Material provided:
_ _ _ _ _ _ _

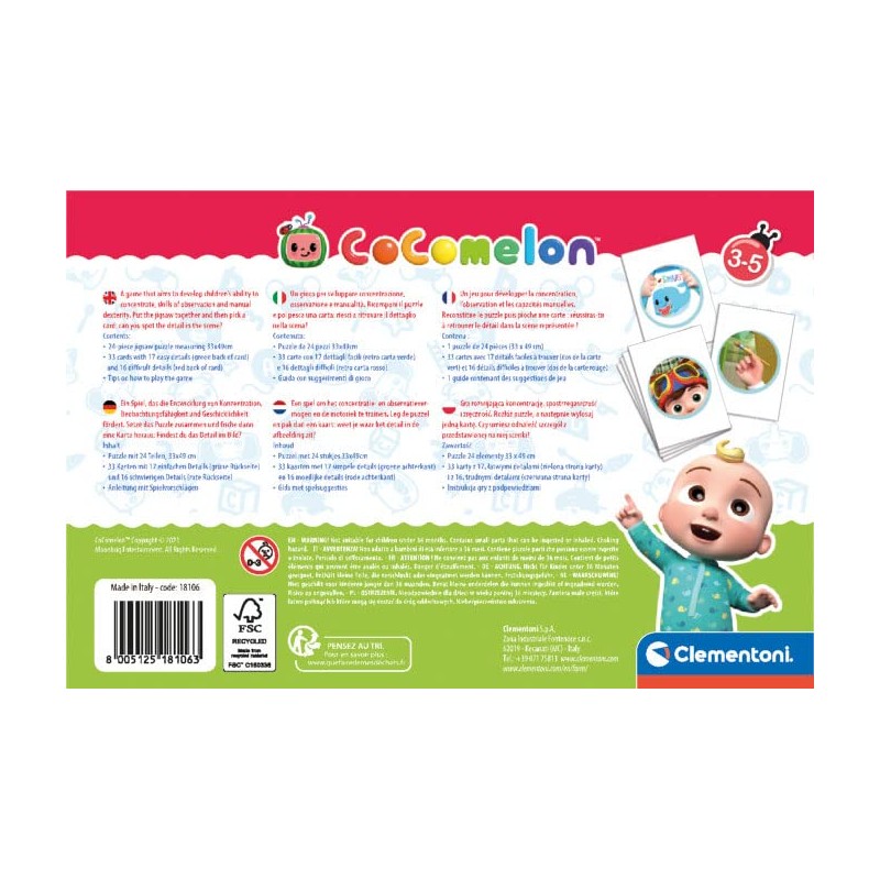 • A 24-piece puzzle measuring 62x42 cm plus a deck of 33 cards with details to search for in the image.
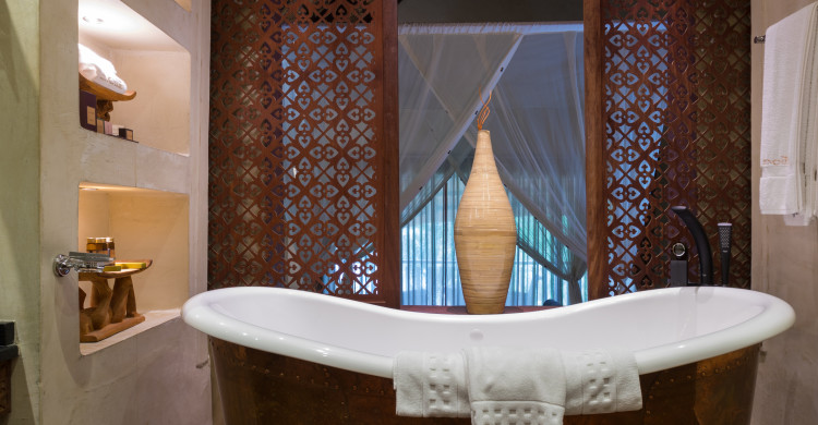 Fancy walking on steps that leads you to a bathtub that has wooden shutters you can draw and have a conversation with your partner on the bed or watching TV with a glass of wine. All from the comfort of your bathtub. Wake up to birds chirping while you are having breakfast on your balcony overlooking the Volta River. That is an apt description of our room configuration and the look and feel it gives you.
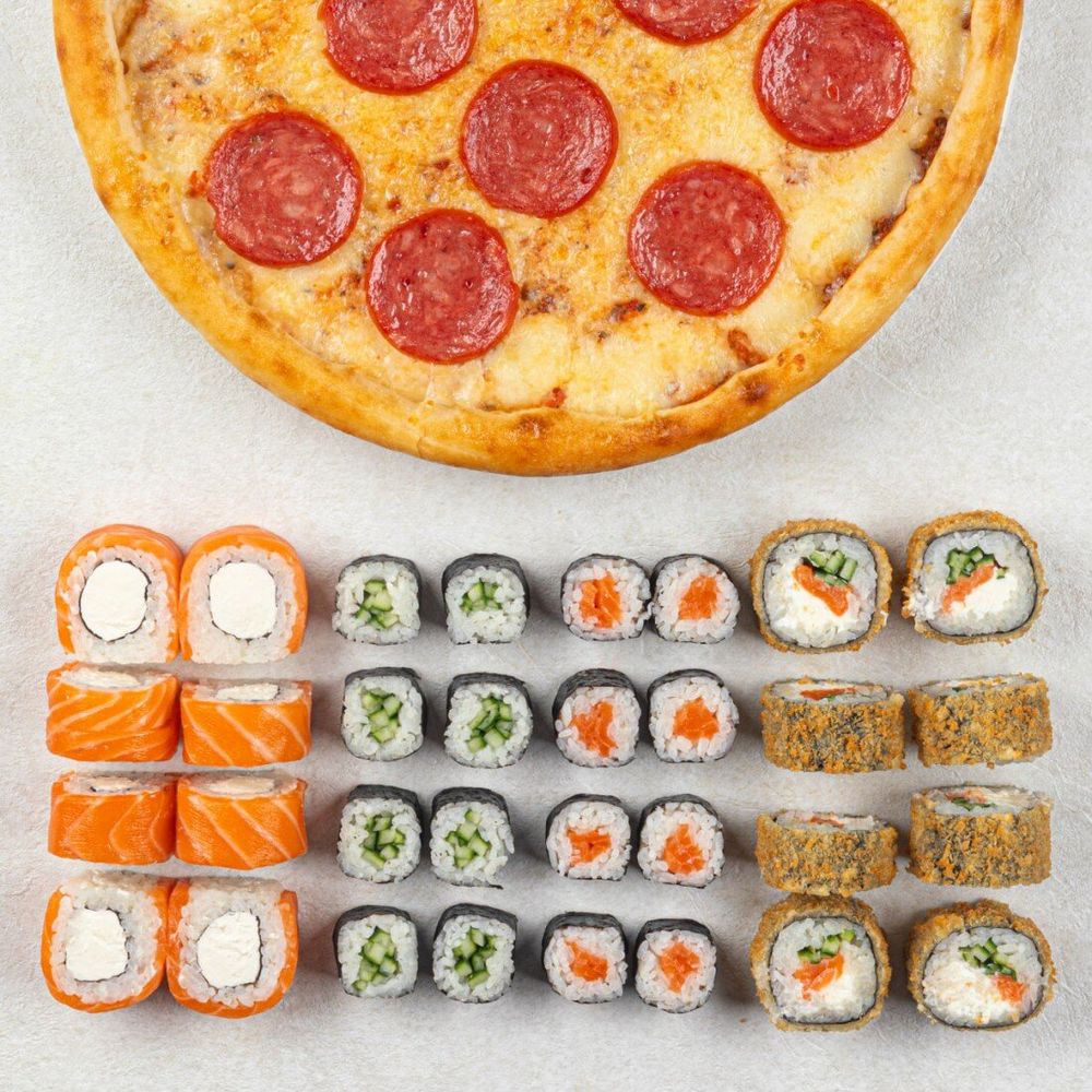 Сет «Алматы » - 40 шт + пицца «Пепперони» + 1л Coca-cola в подарок

_ _ _ _ _ _ _

Task to complete: An unaltered copy of the material, without images, should be set down.

Finished task:
 • A 24-piece puzzle measuring 62x42 cm plus a deck of 33 cards with details to search for in the image.
 Fancy walking on steps that leads you to a bathtub that has wooden shutters you can draw and have a conversation with your partner on the bed or watching TV with a glass of wine. All from the comfort of your bathtub. Wake up to birds chirping while you are having breakfast on your balcony overlooking the Volta River. That is an apt description of our room configuration and the look and feel it gives you.
 Сет «Алматы » - 40 шт + пицца «Пепперони» + 1л Coca-cola в подарок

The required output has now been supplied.